With reservations, we back this measure, but worry that the revenues will be siphoned off into salary and benefit increases rather than expanded services. Contrary to the false claims of backers in the ballot arguments, Measure X does not contain provisions for an oversight board.

It will be up to the county Board of Supervisors to demonstrate on an ongoing basis that the money is being wisely spent to deliver additional services. They should also plan to make do with the additional money; they shouldn’t expect support for an additional tax in the future.

Concord Measure V – No

Concord voters first passed a half-cent sales tax in 2010 as the city was struggling to climb out of the Great Recession. It was supposed to be a short-term fix, and we warned at the time that, even though the tax was to be temporary, city leaders would come to permanently depend on the money. In 2014, city voters agreed to extend the tax to 2025.

Now, in the middle of a calamitous economic downturn, the City Council placed Measure V on the ballot seeking to not only make permanent what was originally supposed to be a temporary tax, but also to double it to a full 1%. No way. Voters should reject it.

Orinda Measure R – No

Orinda passed a half-cent sales tax in 2012 that’s due to expire in 2023. Measure R would extend the tax until 2041 — and double it. That’s too long without voter review. And that’s too much.

The sad part is that Orinda leaders know how to do this right. In 2012, to kick start their highly successful program to repair their roads, they went to voters and asked them to approve a sales tax increase. The money had no spending restrictions, but city officials promised it would go for roads and built in a 10-year voter review to ensure they kept their promise. And in 2014 and 2016, they won voter approval for bond measures dedicated to road repair.

Now, with the roads project almost complete, they want to extend and double the original 2012 sales tax. This time, they have a long list of improvements they say they want to spend the money on: wildfire risk reduction, emergency preparedness, storm drain repair, road maintenance, and other city services. And no clear spending plan.

Even if they had one, the 20-year length of the new tax does not provide a timely opportunity for voters to review whether they’re happy with how the money is being spent.

In sum, there’s less clarity than in 2012 on where the funds would go, the tax is twice as big this time and it will be twice as long a wait before voters get to weigh in again. Vote no.

San Pablo Measure S – Yes

In 2012, as the city tried to work out of the Great Recession, nearly three-fourths of city voters approved a 10-year sales tax measure, with an increase of 0.5% for the first five years, dropping it down to 0.25% for the last five years.
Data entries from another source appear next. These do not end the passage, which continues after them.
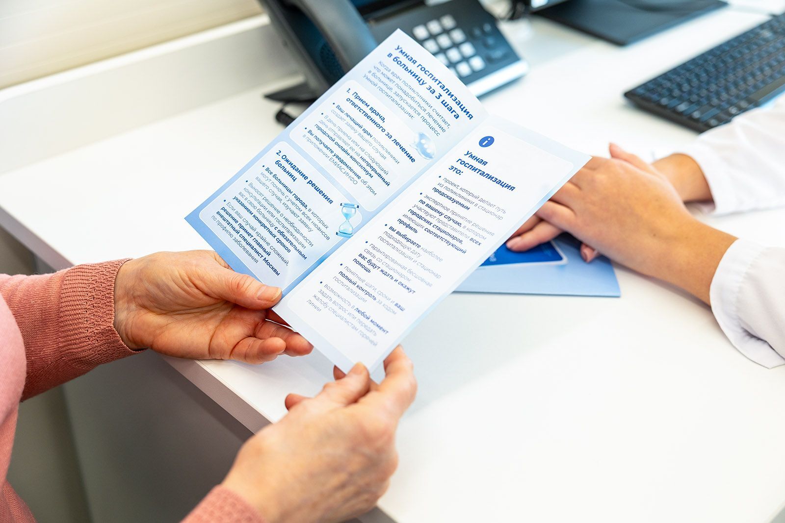 Чтобы минимизировать возможные сбои работы новой системы для пациентов и помогать медицинским учреждениям в новой для них работе, была запущена специальная горячая линия, доступная по номеру телефона. Ее специалисты помогают решить вопросы, возникающие на любом этапе.
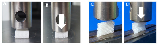 The compression forces (indicated by arrows) were applied to the superior aspect (A,B) and the lateral aspect (C,D) of the scaffolds.
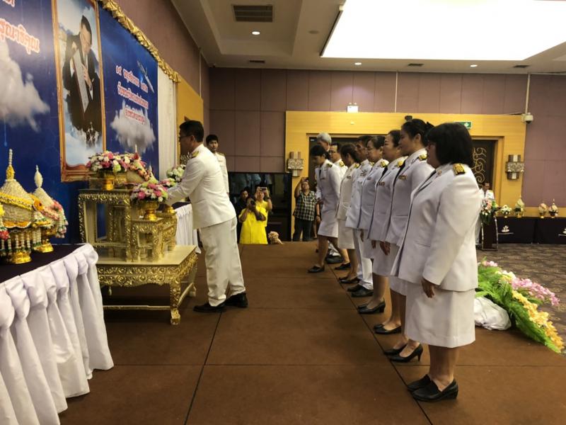 วันที่ 14 พฤศจิกายน 2562 นายวิชิตร สุวรรณมาก แรงงานจังหวัดนครปฐม และหน่วยงานสังกัดกระทรวงแรงงานจังหวัดนครปฐม เข้าร่วมพิธีถวายราชสักการะน้อมรำลึกในพระมหากรุณาธิคุณ พระมหาชนกาธิเบศร มหาภูมิพลอดุลยเดชมหาราช บรมนาถบพิธ เนื่องใน “วันพระบิดาแห่งฝนหลวง ประจำปี 2562” ณ อาคารปฐมสัมมาคาร อุทยานการอาชีพชัยพัฒนา อำเภอเมือง จังหวัดนครปฐม โดยมีผู้ว่าราชการจังหวัดนครปฐม (นายชาญนะ เอี่ยมแสง) เป็นประธาน
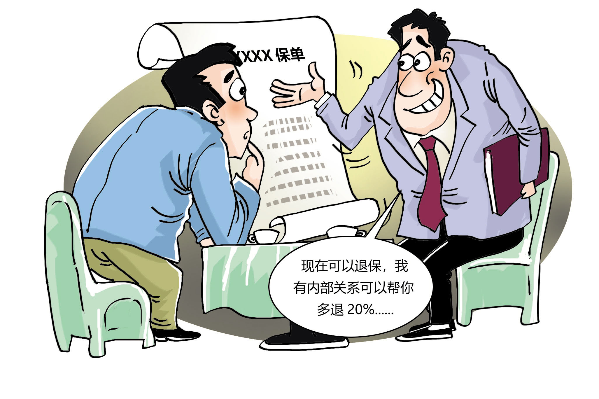 对方说,“现在可以退保,我有内部关系可以帮你多退20%。”随后,对方又提出条件,他可以帮助吴先生办理退保,但多退的钱要分一半给他。

That measure is due to expire in 2022.

Measure S, coming after another dramatic financial downturn, would extend the original sales tax measure for another 10 years, again starting at 0.5% for the first five years and 0.25% for the last five years.

The city faces large budget shortfalls because of the pandemic. The city is one of the poorest in the Bay Area and the job training, youth services and police coverage the city has historically provided with funding from the sales tax are critical.

The Measure S request is modest and reasonable, especially with its stepdown after five years and the 10-year expiration. Voters should approve it.